Weekly Music Roundup: Alison Krauss & Union Station; Selena Gomez & Benny Blanco; Tamino with Mitski

Alison Krauss & Union Station

This week, collaborations from American fiddler Alison Krauss & Union Station; American actor and singer Selena Gomez with producer Benny Blanco; Belgian-Egyptian singer and musician Tamino & singer/songwriter Mitski. Plus, off-kilter pop by singer, songwriter, and cellist Eliza Niemi.

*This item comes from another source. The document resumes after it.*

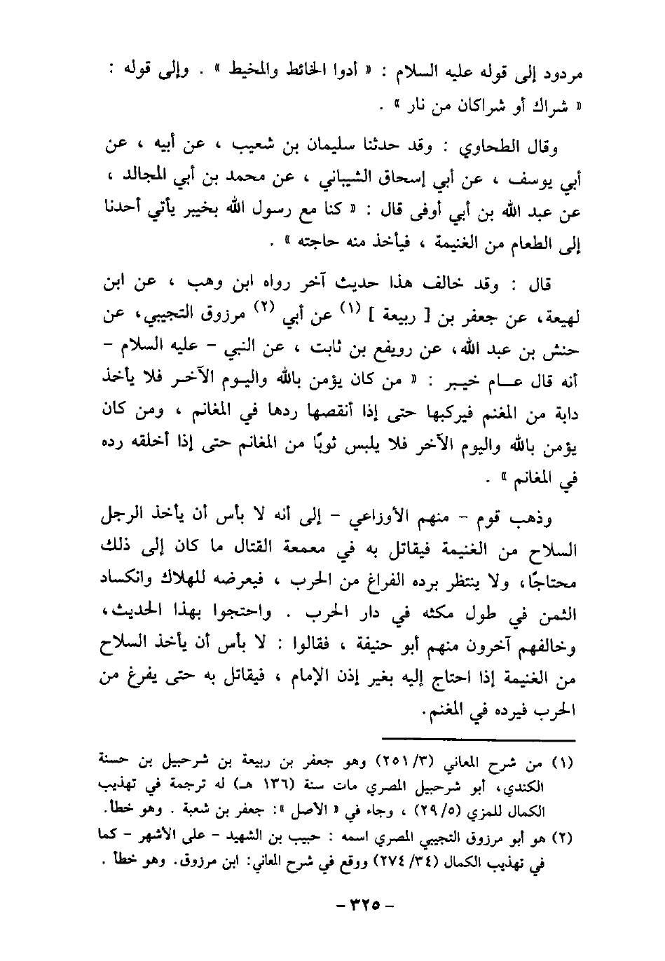 مردود إلى قوله (صلى الله عليه وسلم) : (أدوا الخائط والمخيط) . وإلى قوله: (شراك أو شراكان من نار) . وقال الطحاوى: وقد حدثنا سليمان بن شعيب، عن أبيه، عن أبى يوسف، عن أبى إسحاق الشيبانى، عن محمد بن أبى المجالد، عن عبد الله بن أبى أوفى قال: (كنا مع رسول الله بخيبر يأتى أحدنا إلى الطعام من الغنيمة، فيأخذ منه حاجته) . قال: وقد خالف هذا حديث آخر رواه ابن وهب، عن ابن لهيعة، عن جعفر بن ربيعة، عن أبى مرزوق التجيبى، عن حنش بن عبد الله، عن رويفع بن ثابت، عن النبى (صلى الله عليه وسلم) أنه قال عام خيبر: (من كان يؤمن بالله واليوم الآخر فلا يأخذ دابة من المغنم فيركبها حتى إذا أنقصها ردها فى المغانم، ومن كان يؤمن بالله واليوم الآخر فلا يليس ثوبًا من المغانم حتى إذا أخلقه رده فى المغانم) . وذهب قوم منهم الأوزاعى إلى أنه لا بأس أن يأخذ الرجل السلاح من الغنيمة فيقاتل به فى معمعة القتال ما كان إلى ذلك محتاجًا، ولا ينتظر برده الفراغ من الحرب، فيعرضه للهلاك وانكساد الثمن فى طول مكثه فى دار الحرب. واحتجوا بهذا الحديث، وخالفهم آخرون منهم أبو حنيفة، فقالوا: لا بأس أن يأخذ السلاح من الغنيمة إذا احتاج إليه بغير إذن الإمام، فيقاتل به حتى يفرغ من الحرب فيرده فى المغنم.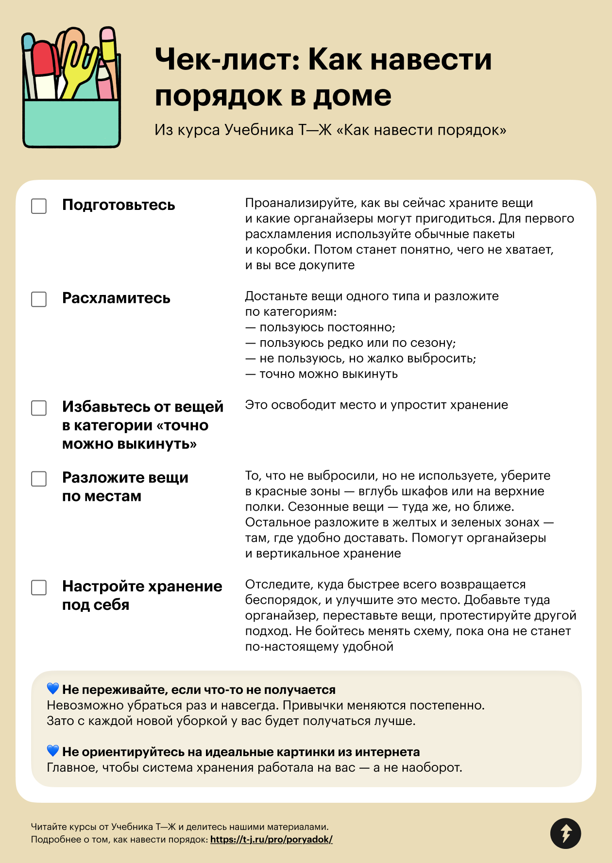 Теперь вы знаете все о том, как навести порядок в доме. Мы собрали основные идеи из четырех уроков курса в чек-листе — забирайте его, чтобы ничего не забыть.

Alison Krauss and Unon Station’s New Single Is An Old Story

Alison Krauss is probably best known these days for her collaborative records with Robert Plant, but her long-running band Union Station remains at the heart of what we think of when we say “Americana.” So it was great to hear that after 14 years, that group is preparing to release a new album called Arcadia. The new single, to remind us of what we’ve been missing, is the folk ballad, probably from the Civil War days, called “Richmond On The James.” It’s an old song, and an even older story: young men go off to war, with no idea what they’re getting themselves into, and it ends badly – for the soldier and for the woman waiting for him back home. The melody seems clearly derived from the British Isles, and the band is at the top of its game – the formidable Jerry Douglas on dobro (the metal-clad slide guitar) has a particularly notable role to play here.  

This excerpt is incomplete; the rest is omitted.